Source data
---------------

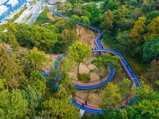本报讯(记者姚天 通讯员郭玲 陈榕/文 记者徐伟杰/图)“这条‘空中跑道’脚感特别好,踩上去软软的,不伤膝盖。跑道高低起伏,同时不用担心车辆,跑起来就是享受。”这几天,家住城西街道云樾观岭小区的许女士都会到家门口的碗头山公园晨跑。
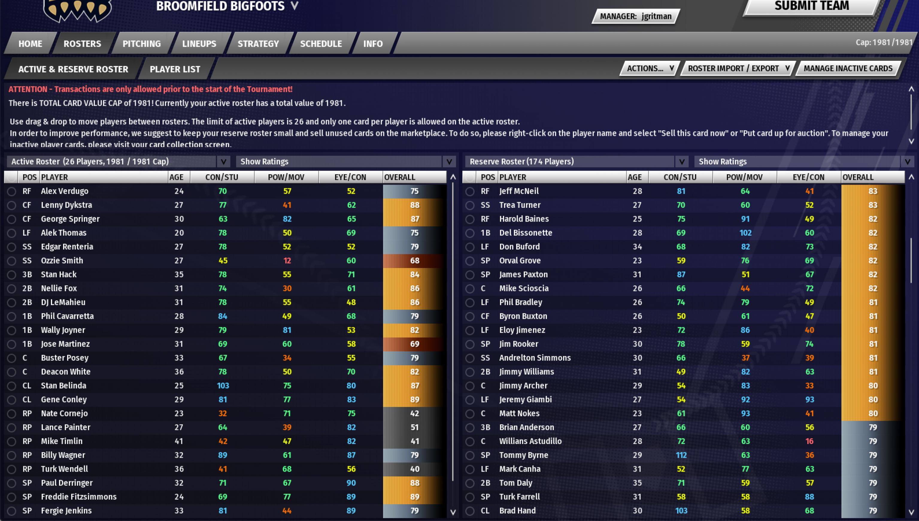 I prepared my roster ahead of the tournament and it was definitely at the cap. I checked again after I got the ready to go notification, and it was reset to the AI created lineup. I reloaded from my export, but it reverted again to the AI roster once the games started. (Also note that the import took two tries to show up correctly. The first time only a handful of players were added to the active roster). I'm guessing maybe the AI thinks my roster was above the cap? Though I've had other non-cap tournament rosters go wonky before too with the same workflow. At least if the roster is invalid maybe the server could remove a card instead of resetting the whole thing? It's frustrating (to put it mildly) putting half an hour into figuring out who to play and setting player strategies only to see it not show up at all. (not to mention having that tournament slot blocked while waiting). I've attached my roster screen as it looked before the tournament started. Let me know if I can provide any other information to help! |
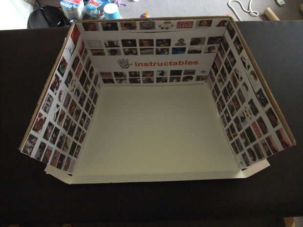 -Alejar las aletas laterales del cartón de pie un poco para que widnen la arena. Ahora debe mirar como un trapecio/trapecio
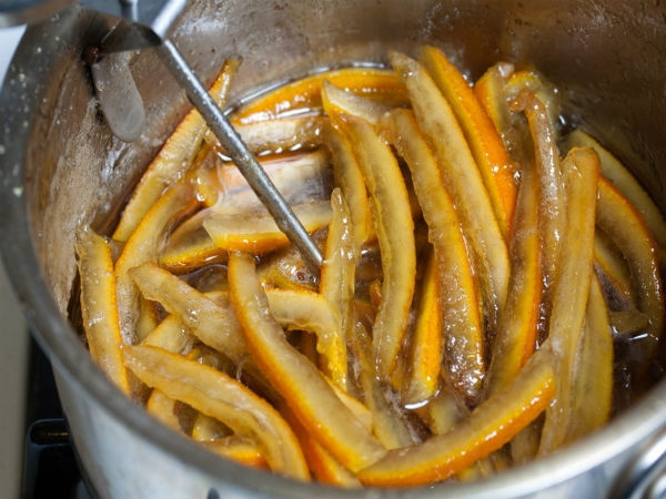 மூன்று கப் நீருடன் மூன்று கப் சர்க்கரை சேர்த்து, சர்க்கரை கரையும் வரை கொதிக்க வைக்கவும். பிறகு அதனுள் வெட்டப்பட்ட ஆரஞ்சு தோலை போட்டு முழு நிலையில் கொதிக்கவிட்டு, உடனடியாக ஜூவாலையை குறைத்துவிட வேண்டும்.
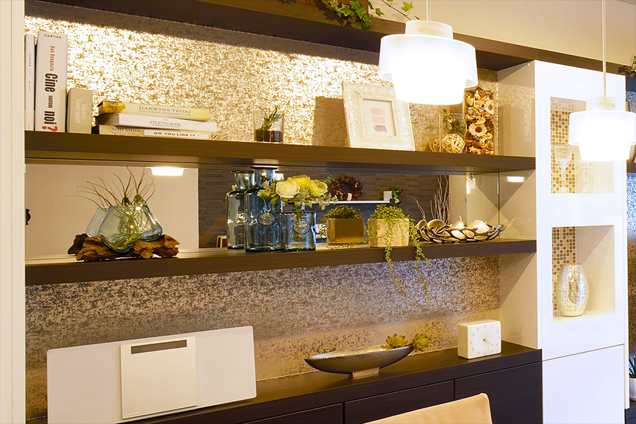 壁面収納の背面には、光沢のある素材を使用したクロスを貼ったり、飾り棚は部分的に背面を鏡にしたり、モデルルームにあった壁面収納のイメージをアレンジして、ディスプレイが映えるデザインが実現できました。

---------------

EXERCISE DETAILS:
Take the line that holds "மூன்று கப் நீருடன்" as the start and the last line of the data as the end. Copy only those lines exactly, both ends included, except the pictures.

ANSWER SPACE:
 மூன்று கப் நீருடன் மூன்று கப் சர்க்கரை சேர்த்து, சர்க்கரை கரையும் வரை கொதிக்க வைக்கவும். பிறகு அதனுள் வெட்டப்பட்ட ஆரஞ்சு தோலை போட்டு முழு நிலையில் கொதிக்கவிட்டு, உடனடியாக ஜூவாலையை குறைத்துவிட வேண்டும்.
 壁面収納の背面には、光沢のある素材を使用したクロスを貼ったり、飾り棚は部分的に背面を鏡にしたり、モデルルームにあった壁面収納のイメージをアレンジして、ディスプレイが映えるデザインが実現できました。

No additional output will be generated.